Thomas Kelly farewelled by family and friends at former school
Clementine Cuneo and wires
The Daily Telegraph
July 20, 2012 12:44PM
THOMAS Kelly was a determined, courageous young man whose life was cut tragically short, his father has told mourners at a funeral service in Sydney.
Ralph and Kathy Kelly held the hands of their younger two children Stuart and Madeleine, as they walked into The Kings School chapel for the funeral service.
Hundreds of people gathered in and around the chapel to say goodbye to Tom, 18, who was killed in a Kings Cross attack almost a fortnight ago.
Kieran Loveridge, 18, has been charged with murder.
"Thomas was a courageous boy in both his life and his death,'' Mr Kelly told the service.
"The more I knew him the more I was in awe of his sheer determination.''
Mr Kelly also read out his son's final email, sent on July 6, the night before he was fatally attacked.
Thomas wrote that he was going to have an early night on Friday, July 6 because he wanted to save his energy for the next evening.

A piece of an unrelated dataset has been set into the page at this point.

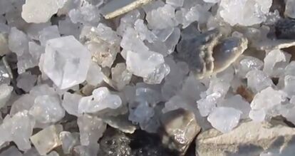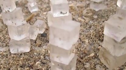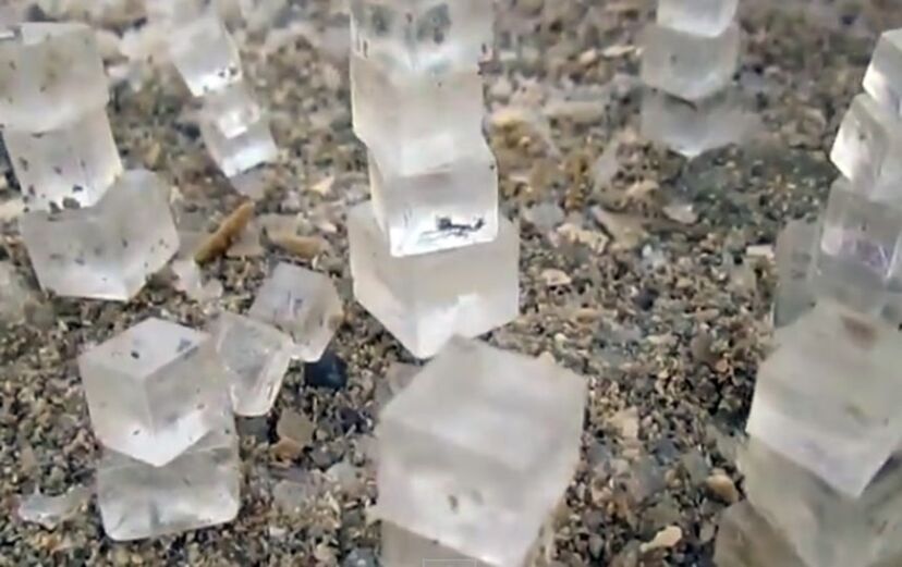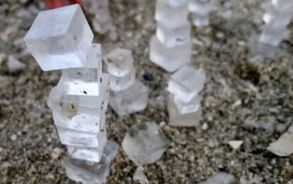 アラビア半島北西部に位置する死海の湖水は塩分濃度が約30%と、通常の海水塩度の10倍と、魚すら生息できないことで知られているが、その浜辺にはゴロゴロと塩の結晶が転がっているそうで、中には立方体のサイコロのような形状の結晶があるという。

"Na, I'm not going out tonight,'' the teenager wrote to his father in the email.
"I might be back a little later - just stay for a drink - but want to have an early night and enjoy tomorrow instead.'
Mr Kelly said his son also spoke about what he was going to have for dinner that evening and about sorting out a tax form.
"I will treasure those last written words to me written from my son,'' Ralph Kelly continued.
"Thomas did in fact go out that Friday night, he spent some time with his good friends from Mosman playing pool at The Oaks (pub) in Neutral Bay.
"In hindsight I'm very glad he got to spend some time with his good friends that evening.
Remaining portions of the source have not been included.